Similarities between the Pentateuch and Greek literature have long been noted and discussed in scholarly literature, but most of those discussions have assumed that the Greeks and the authors of the biblical books were independently drawing on Asiatic stories or even that some Greeks were exposed to translations of parts of the Pentateuch. (Evangelia Dafni is one such scholar who today argues for that latter position; Franz Dornseiff once argued for the former.) Others have flatly denied any serious or significant analogies between the Pentateuch and Greek works, relegating supposed parallels to coincidence or over-active imaginations. That dreaded fourteen letter word comes to mind: “parallelomania“.
Russell Gmirkin [RG] has a new book, Plato’s Timaeus and the Biblical Creation Accounts: Cosmic Monotheism and Terrestrial Polytheism in the Primordial History. My blog posts on his two earlier books are archived at Berossus and Genesis and Plato and the Creation of the Hebrew Bible. I anticipate doing a chapter by chapter review of his new work on Genesis 1-11.
Genesis 1-11 or the Primordial History covers the span of time from Creation and the misadventures of the first humans, through the Flood and up to the Tower of Babel story. It stops prior to the introduction of Abraham and the beginning of Israel’s story. The Primordial History stages characters with enormous life-spans, a talking snake, angels with flaming swords, a god walking the earth, “sons of god” mating with women to produce “men of renown”, a world-wide flood that reminds us of the Epic of Gilgamesh and a divine intervention to confound the languages of humanity and scatter them across the earth. Before all of that we read how God created heaven and earth, beginning with the creation of light days before he made the sun! These chapters are clearly a different type of unit from the rest of the Pentateuch. Where does it all come from?

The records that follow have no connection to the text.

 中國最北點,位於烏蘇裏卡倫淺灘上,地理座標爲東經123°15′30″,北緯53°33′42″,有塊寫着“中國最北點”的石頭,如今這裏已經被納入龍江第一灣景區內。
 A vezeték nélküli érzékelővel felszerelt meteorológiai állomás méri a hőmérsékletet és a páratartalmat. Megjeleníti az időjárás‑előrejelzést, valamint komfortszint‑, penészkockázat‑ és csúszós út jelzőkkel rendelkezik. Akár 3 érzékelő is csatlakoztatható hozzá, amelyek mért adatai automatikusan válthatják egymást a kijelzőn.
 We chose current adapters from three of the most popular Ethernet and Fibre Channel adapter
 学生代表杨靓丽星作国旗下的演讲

Even within chapters 1-11 exegetes have long noted a sudden break between the seven-day creation (1:1 to 2:3) on the one hand and the detailed account of the creation of Adam and Eve, the Garden of Eden, (2:4ff) on the other. How did two accounts, one seeming to contradict the other, come to be placed side by side? And what are we to make of the different names of God: Elohim and Yahweh Elohim?
The ideas explored in RG’s new book will be a challenge-too-far for some readers who have been immersed in the Documentary Hypothesis and its assumption that the writings of the Bible evolved over centuries from the time of the biblical kingdoms of Israel-Judah (from 900 BCE) and were more or less completed by the end of the Persian era in the fifth century, that is, before the conquests of Alexander and the onset of the Hellenistic period. This traditional view holds that the first five books of the Bible grew out of the literary matrix of Mesopotamia and Syria-Canaan. Possible Greek influence is not even considered.

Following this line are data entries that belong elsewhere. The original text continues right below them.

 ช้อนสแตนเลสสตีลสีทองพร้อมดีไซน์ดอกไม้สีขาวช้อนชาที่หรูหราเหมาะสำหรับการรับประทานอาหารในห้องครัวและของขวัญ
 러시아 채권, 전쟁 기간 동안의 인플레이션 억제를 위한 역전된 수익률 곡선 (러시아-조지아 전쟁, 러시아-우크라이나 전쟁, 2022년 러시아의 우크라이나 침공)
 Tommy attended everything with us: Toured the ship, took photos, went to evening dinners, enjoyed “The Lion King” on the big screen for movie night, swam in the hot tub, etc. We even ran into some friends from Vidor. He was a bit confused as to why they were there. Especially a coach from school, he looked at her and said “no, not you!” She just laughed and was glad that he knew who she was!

In his earlier books RG explored the case for a Hellenistic date for the Pentateuch and this new volume is a continuation of those earlier works. His aim is to see what happens when we compare a wider range of possible influences — adding Greek data into the mix — on the Primordial History. I hasten to point out that RG by no means denies influence from the Levantine-Mesopotamian region. But the devils are in the details when identifying the most likely sources of transmission. It is not an either-or discussion but a modified form of both-and, albeit with some adjustments concerning what the evidence indicates about who was responsible for the transmission and when.
In his opening chapter RG explains
- how he will go about identifying the sources behind the Primordial History
and
- an overview of the history of the scholarly views of Genesis 1-11 and where his own research fits.